(WHAT THE TASK REQUIRES)
I would like every record reproduced exactly, with the pictures left out.

(Records from a dataset)
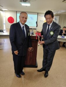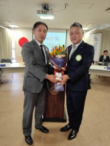 前年度の空門会長、中野隆二幹事への花束贈呈およびバッジ進呈がおこなわれました。
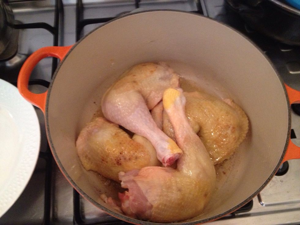 Lightly braise the chicken legs in olive oil or butter on medium heat
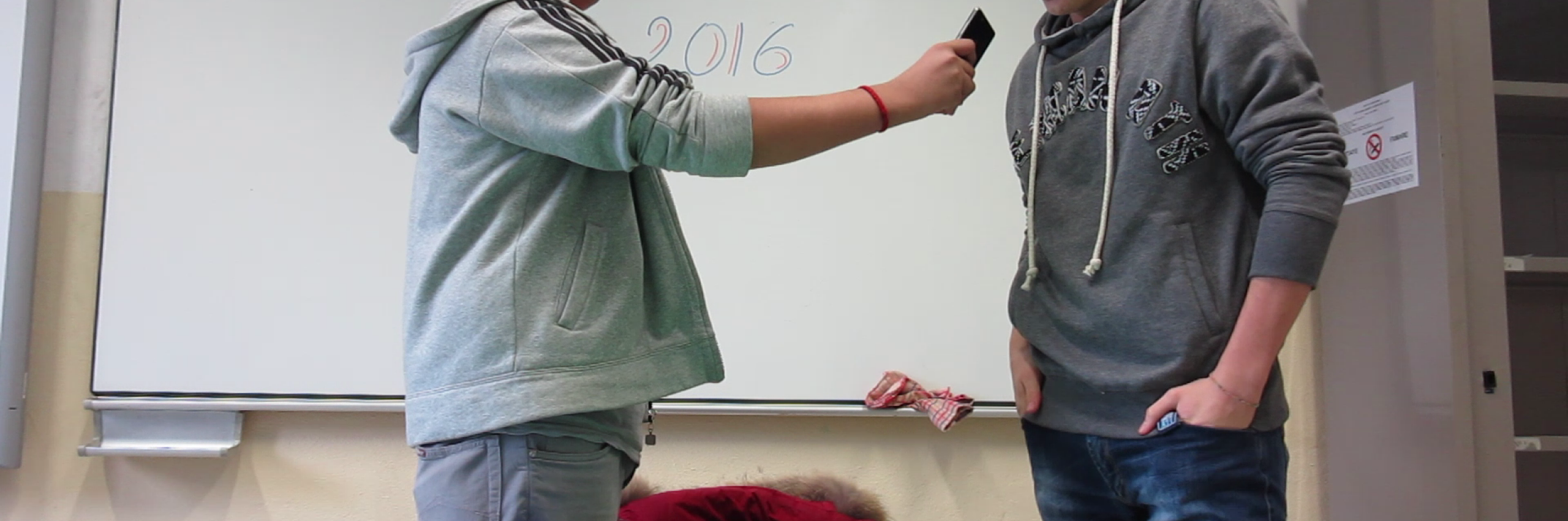 Nel video un frammento del lavoro di documentazione che sta realizzando la classe, che si è organizzata come una piccola redazione giornalistica. Sarmad Sohail si cimenta come conduttore. L'intervista è alla sua compagna di classe Jenni. Tutto si svolge in un clima di grande simpatia e serenità.
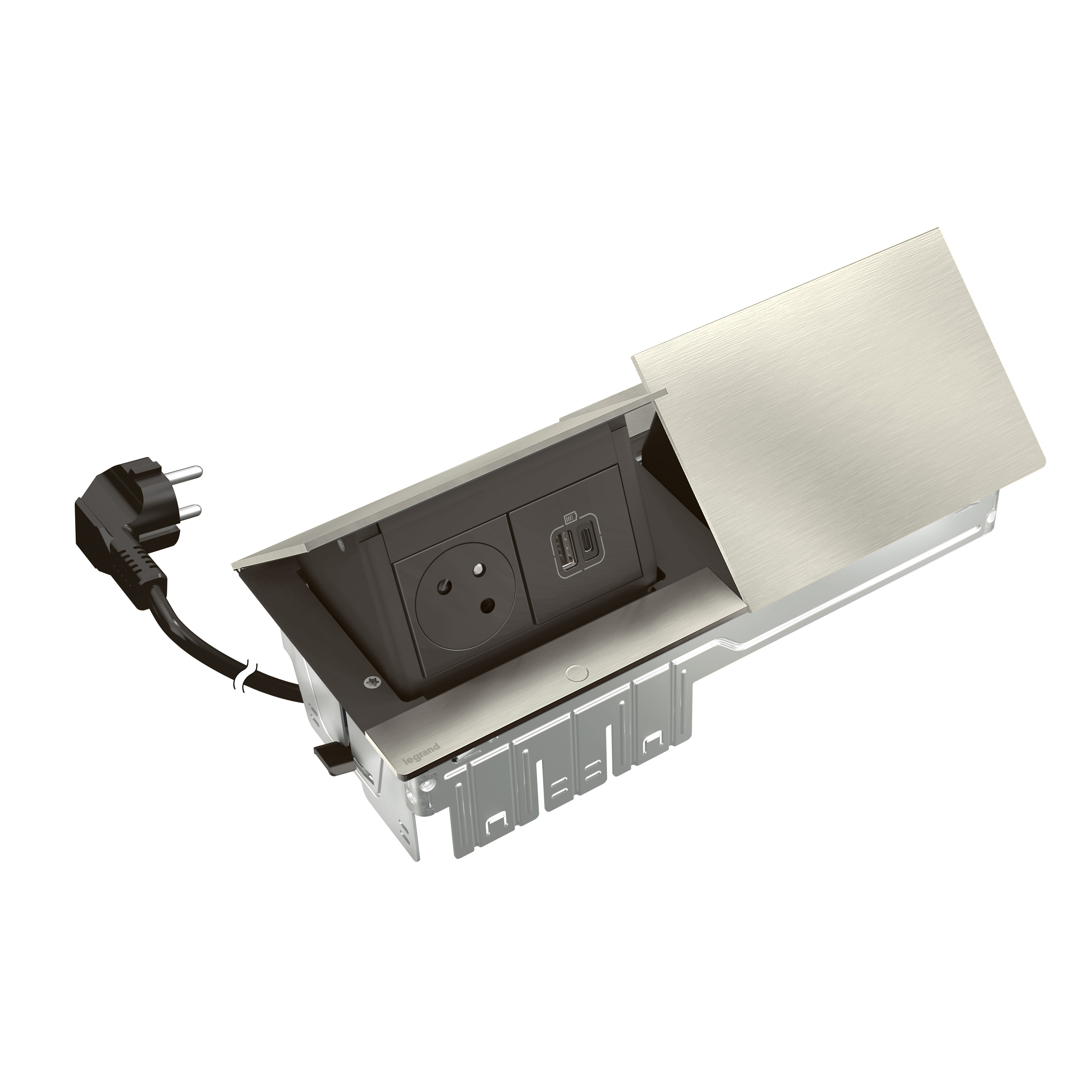 Incara Pop Up équipé de 2 prises 2P+T Surface et 2 chargeurs USB Type-A+Type-C 15W avec cordon - 2x4 modules Alu brossé
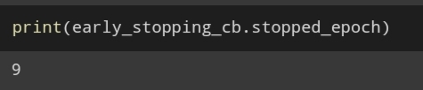 9 epoch => 즉 10번째 epoch에서 조기종료되었다.
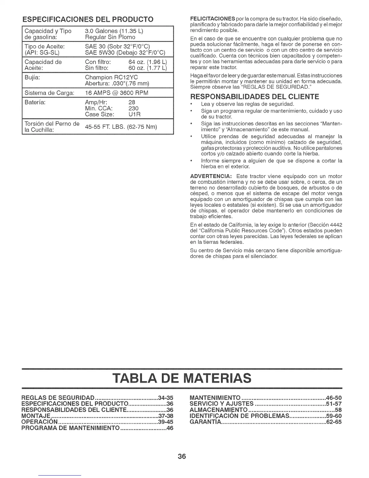ADVERTENCIA: Este tractor viene equipado con un motor
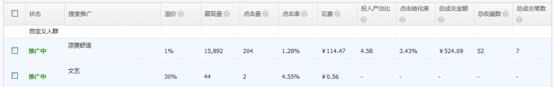 一天測試下來,發現天氣標簽因為覆蓋的人群較廣,雖然出價低,但是還是流量挺大的,一天引進了204個流量,點擊率也挺好的,為1.28%,轉化效果也好,ROI在4.58,PPC也還可以,在0.56。而類目標簽,測試下來,流量不大,可能也是因為我選擇覆蓋的人群較狹隘,覆蓋的人群較小,所以流量不大,就引進了2個流量,也沒有帶來成交。
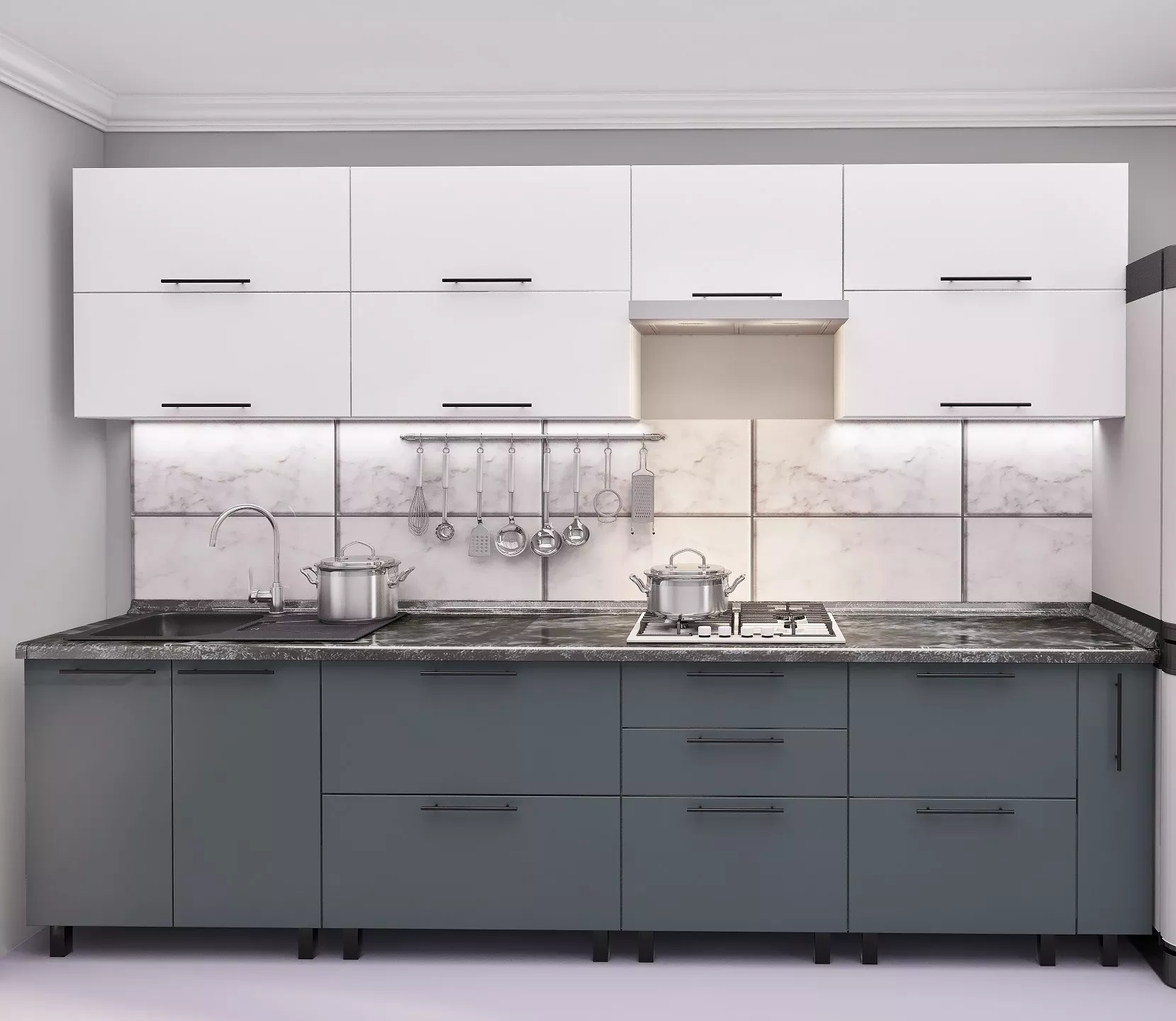 Кухня Bafimob Квадро 3.0 м, МДФ крашенный, фасад Гладкий, Белый-матовый/Серый-матовый
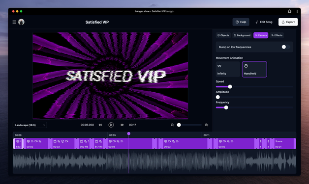 Unlike other video editors, Banger.Show allows you to manipulate not just the X and Y positions, but also the Z axis. This means you can place objects at different depths:
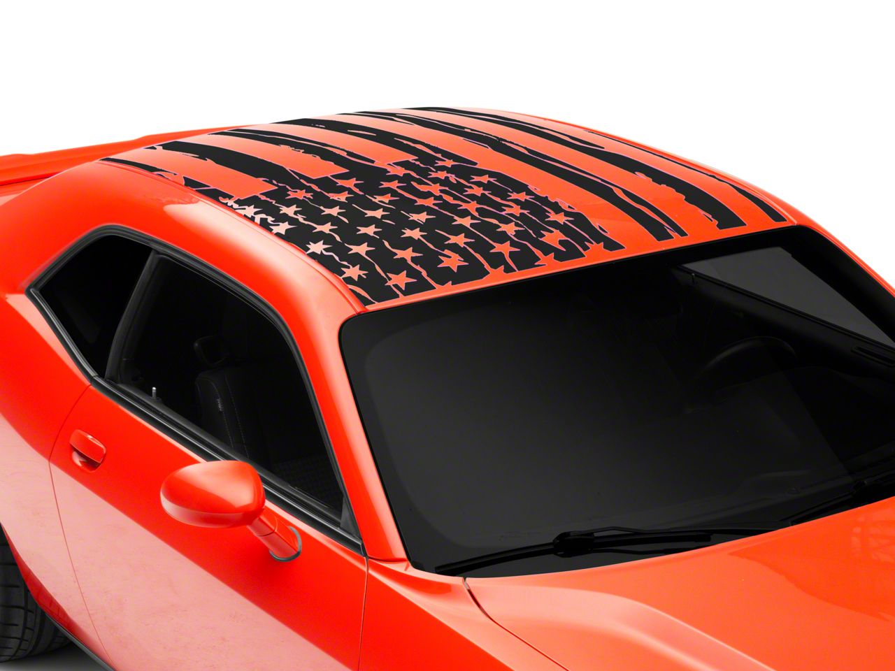 Patriotic Styling. Now you can add patriotic styling to your 2008-2023 Dodge Challenger with this Distressed Flag Roof Panel Decal. Featuring a distressed American Flag design, this Decal will proudly show off your patriotism for the USA.
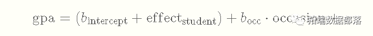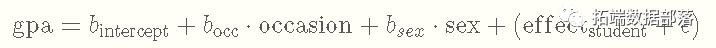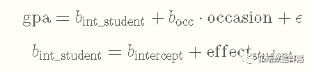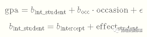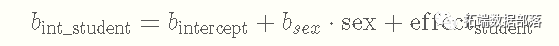 这样一来,我们就会有针对学生的截距,因为每个人都会有自己独特的影响加到总体截距上,导致每个人的截距不同。
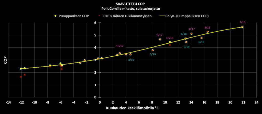 Syksyllä on ilma kosteaa. Tämä toki nostaa suhteessa yölämpötilojakin, mutta merkitystä on myös kosteuden tiivistymisen lämmitysvaikutuksella höyrystimellä.Setän COPit ovat syksyllä selvästi paremmat kuin keväällä. Käyrän yläpuolisten pisteiden merkintä pisteen päällä ja alapuolisten pisteen alla. Aika selvästi kevät ja syksy erottuvat. Ei selvästi tykkää kylmistä öistä.

(EXERCISE ANSWER)
 前年度の空門会長、中野隆二幹事への花束贈呈およびバッジ進呈がおこなわれました。
 Lightly braise the chicken legs in olive oil or butter on medium heat
 Nel video un frammento del lavoro di documentazione che sta realizzando la classe, che si è organizzata come una piccola redazione giornalistica. Sarmad Sohail si cimenta come conduttore. L'intervista è alla sua compagna di classe Jenni. Tutto si svolge in un clima di grande simpatia e serenità.
 Incara Pop Up équipé de 2 prises 2P+T Surface et 2 chargeurs USB Type-A+Type-C 15W avec cordon - 2x4 modules Alu brossé
 9 epoch => 즉 10번째 epoch에서 조기종료되었다.
ADVERTENCIA: Este tractor viene equipado con un motor
 一天測試下來,發現天氣標簽因為覆蓋的人群較廣,雖然出價低,但是還是流量挺大的,一天引進了204個流量,點擊率也挺好的,為1.28%,轉化效果也好,ROI在4.58,PPC也還可以,在0.56。而類目標簽,測試下來,流量不大,可能也是因為我選擇覆蓋的人群較狹隘,覆蓋的人群較小,所以流量不大,就引進了2個流量,也沒有帶來成交。
 Кухня Bafimob Квадро 3.0 м, МДФ крашенный, фасад Гладкий, Белый-матовый/Серый-матовый
 Unlike other video editors, Banger.Show allows you to manipulate not just the X and Y positions, but also the Z axis. This means you can place objects at different depths:
 Patriotic Styling. Now you can add patriotic styling to your 2008-2023 Dodge Challenger with this Distressed Flag Roof Panel Decal. Featuring a distressed American Flag design, this Decal will proudly show off your patriotism for the USA.
 这样一来,我们就会有针对学生的截距,因为每个人都会有自己独特的影响加到总体截距上,导致每个人的截距不同。
 Syksyllä on ilma kosteaa. Tämä toki nostaa suhteessa yölämpötilojakin, mutta merkitystä on myös kosteuden tiivistymisen lämmitysvaikutuksella höyrystimellä.Setän COPit ovat syksyllä selvästi paremmat kuin keväällä. Käyrän yläpuolisten pisteiden merkintä pisteen päällä ja alapuolisten pisteen alla. Aika selvästi kevät ja syksy erottuvat. Ei selvästi tykkää kylmistä öistä.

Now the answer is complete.